What am I going to write about? What will people want to read?
You’re such an idiot – staying out until 4am without planning for what to write today. It’s past noon EST – you’re losing your touch and you’re going to lose people.
I’ll just be honest.
I woke up this morning with a host of competing emotions. This is day three of SXSW for me, the second time I’ve traveled to Austin for the tech, film, and music festival.
I struggle with vacations. On the one hand, they are an excellent way to let off some steam and refill the tank. When I’m feeling burnt out, it’s great to say, “OK, I’m going to really lean into relaxing and not doing anything.”
But the reality is, this only creates a new and more insidious stress: a sort of cognitive dissonance with myself as shown from some of my first conscious thoughts of the day above.
I’ve gotten better at recognizing destructive and negative thoughts.

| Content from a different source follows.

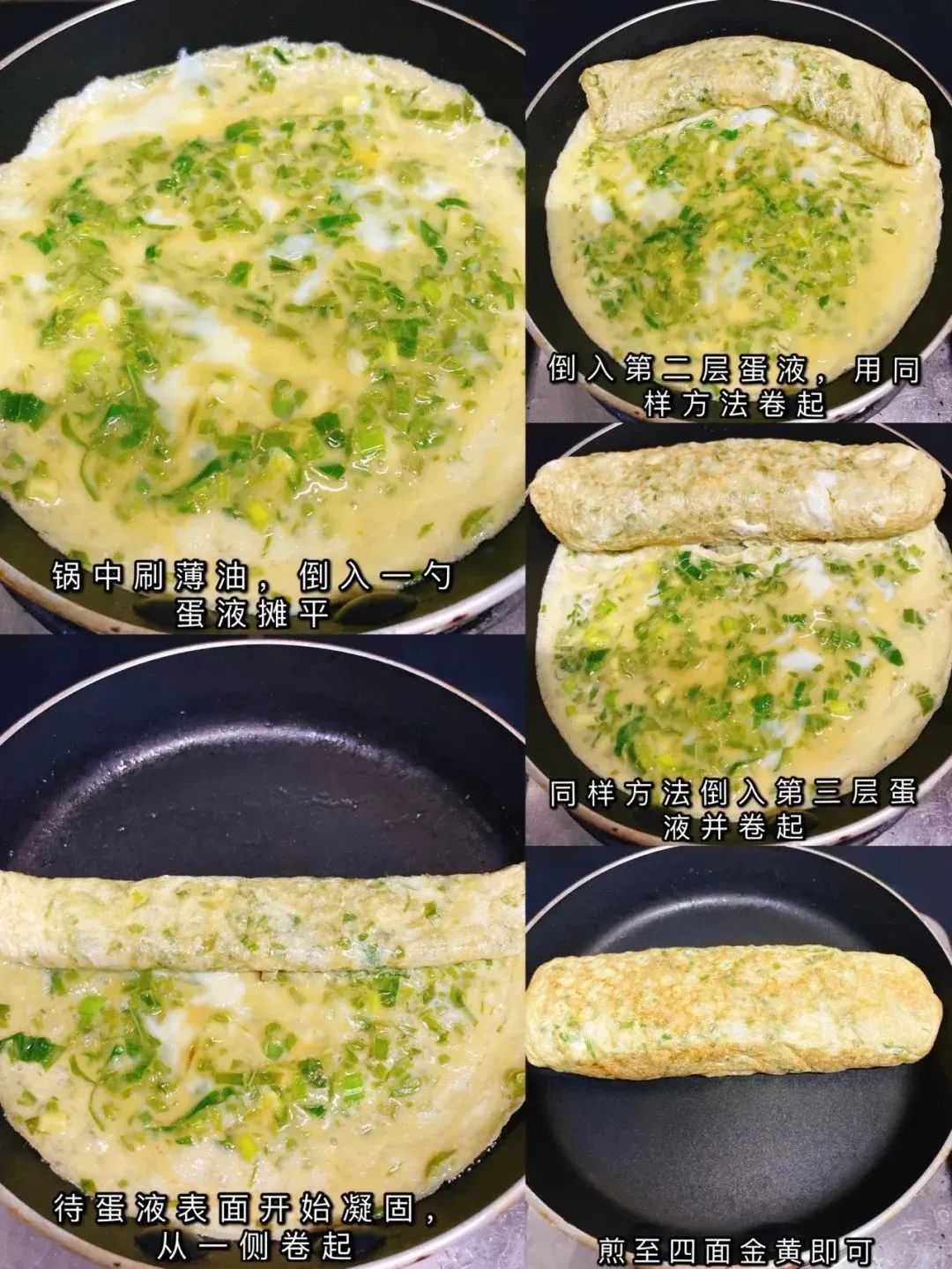 6、等鸡蛋液呈半凝固状态再慢慢往里卷,卷好后再两边煎至金黄色出锅。

For example, when I’m doubting or tearing myself down, I disassociate. See above where my inner monologue becomes second person point of view instead of first person. When I’m upset with myself, it’s changes from sentiment of, “I am an idiot” to “you are an idiot.”
As a product manager, I see the biggest responsibilities of my job as pushing the ball forward and/or getting the ball out of my court as quickly as possible. If something is on me to move forward, I take the baton and run so that I can once again hand it off to someone else.

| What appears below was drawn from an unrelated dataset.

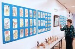 会場には、髙山さんが奈良県でスケッチした會津八一の歌碑や受講生が描いた白根地区のたこ揚げなどの絵が並ぶ。大リーガーの活躍を本のようにまとめたユニークな作品もある。
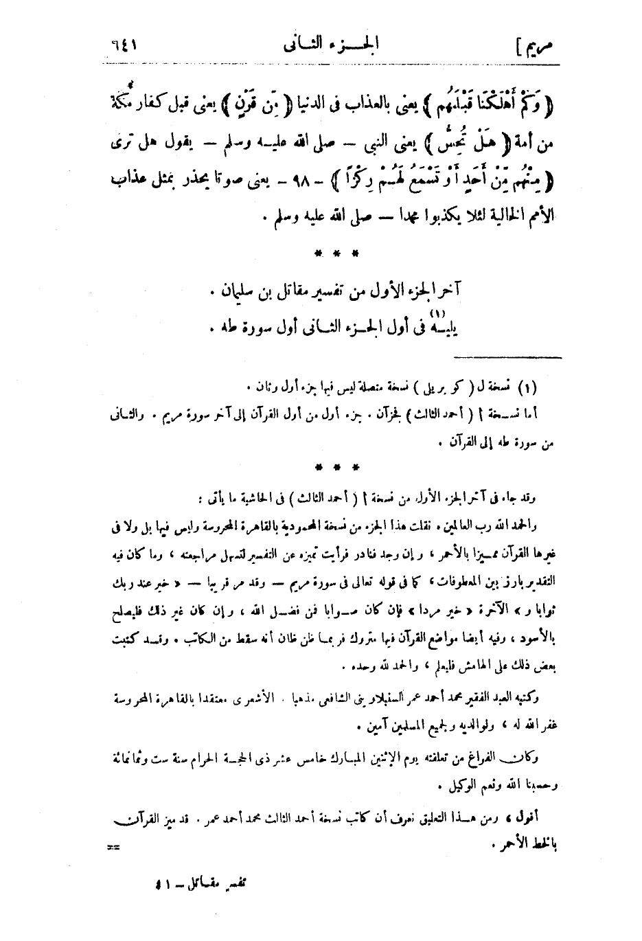 آخر الجزء الأول من تفسير مقاتل بن سليمان.

That work never really stops. And it’s especially true for my personal projects, which I’m very excited to share with you. There is no handoff of the baton – it’s all on me. If things aren’t moving forward, it’s because I’m not running with them.
But, I don’t make progress on that while I’m stopping by the Twix house at SXSW and trying out their VR experience.

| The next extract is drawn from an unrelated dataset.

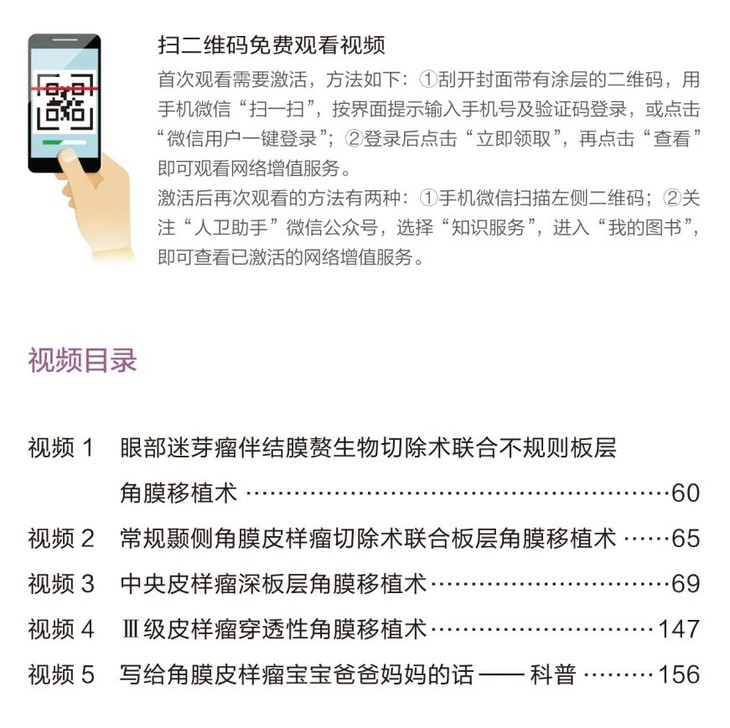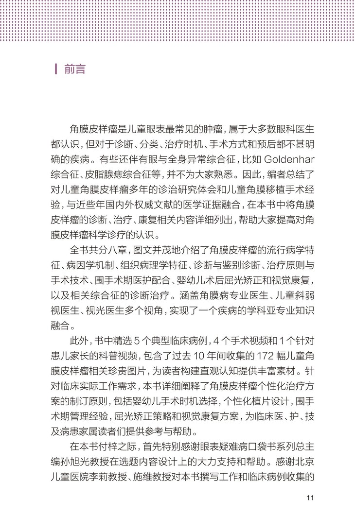 ② 书中精选4个手术视频和1个针对患儿家长的科普视频,收集了过去10年间的172幅儿童角膜皮样瘤临床实际案例诊疗相关珍贵图片。

I don’t expect to ever completely eradicate negativity or self doubt. For now, it’s true progress to recognize it, thank it for being a motivator, and cut myself some slack.
I will probably always have this balancing act of periods of productive reclusion (e.g. every evening last week) and periods of active relaxation (e.g. these four days at SXSW). They aren’t always as extreme – sometimes that balancing comes in the same day.
But when you believe that your advantage is time, it’s hard to feel comfortable leaning into the relaxation.